Je reviens sur son comportement sur autoroute, car c’est l’une des seules voitures avec laquelle je voulais que la route continue. Pourtant privée de 7è rapport la consommation reste correcte et permet d’envisager des longs trajets. C’est surtout, et comme toujours chez Renault, cette façon dont la suspension épouse la route, la direction communicative même lors d’un simple changement de file et ce moteur qui investit la cabine. Oui elle s’est embourgeoisée, mais seulement sur les bons points, ceux dans l’interaction homme-machine en dehors de ce qui touche à la conduite ; c’est-à-dire les écrans et système de bord. Pour la conduite, la compacte jaune reste une traction brute avec toutes les limitations physiques que cela entraîne.
La Megane se révèle alors comme une voiture entre deux mondes, l’analogue et le digital, coincée entre deux époques. Il y a le charme indescriptible d’une compacte sportive “old school” mais savamment mélangée avec des éléments modernes. Cela donne naissance à un metissage intéressant qui m‘atriste par sa disparition programmée, en emmenant avec elle la fin de Renault Sport. La Megane RS n’est pas qu’une bonne voiture c’est avant tout une voiture importante, car elle marque une rupture dans l’industrie de l’automobile et marque le début de la fin des moteurs à combustion, au profit des moteurs électriques. Mais pour le moment, derrière son volant je souris encore et je comprends l’importance de profiter de chaque passage de rapport, de chaque mise en mouvement, de chaque vocalise du moteur car cela sera bientôt des éléments appartenant au passé.

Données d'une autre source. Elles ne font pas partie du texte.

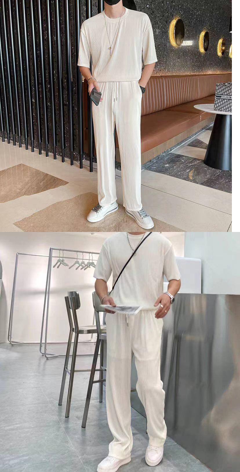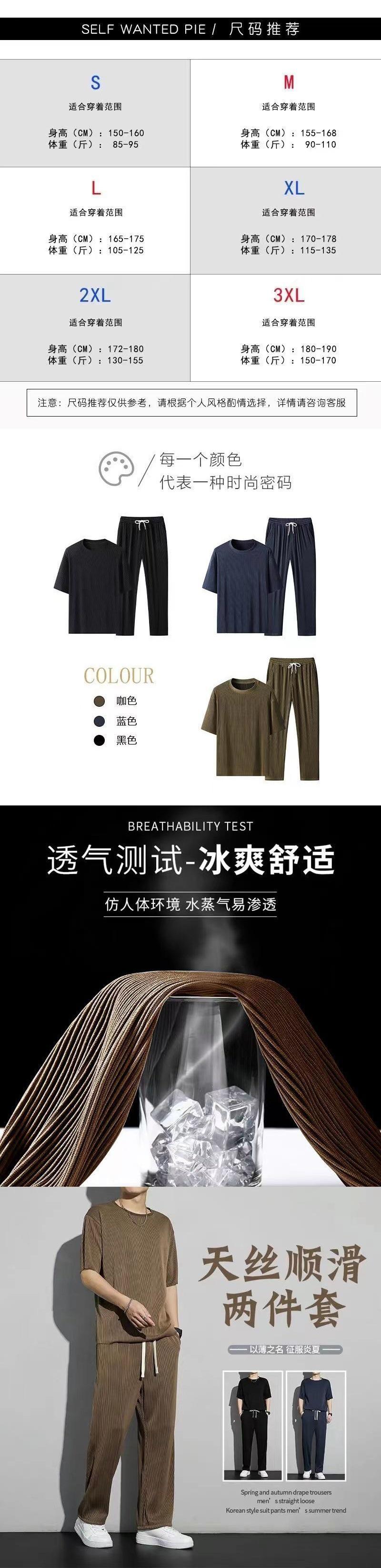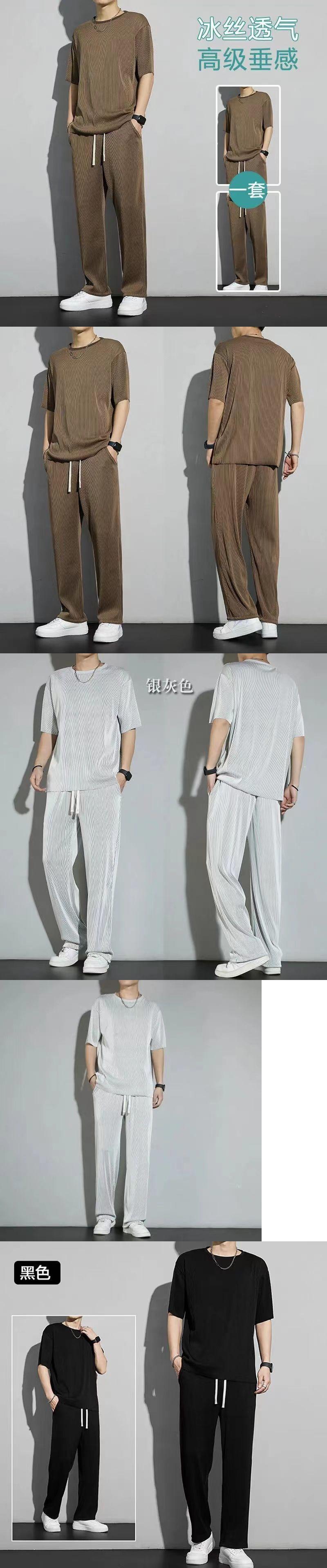 Traje Deportivo de Seda de Hielo para Hombre Verano Delgado Secado Rápido Camiseta de Manga Corta Casual Pantalón Largo Ropa de Media Manga Conjunto

Note, mention et conclusion
Note : 79,5/100
Extérieur – 16/20
Intérieur – 15/20
Moteur – 17/20
Dynamisme & Sensations – 17,5/20
Confort & Praticité – 14/20
Pour clore le chapitre Renault Sport, la marque française, dans son dernier souffle, nous livre sa vision d’une compacte sportive parfaite et atteint une certaine forme de d’excellence. Après des décennies d’expérience en la matière, Renault nous prouve une fois de plus que les compactes sportives de la marque au losange se retrouveront, toutes, au panthéon de l’automobile.
Merci à Renault France et en particulier à Fabrizio et Jerôme.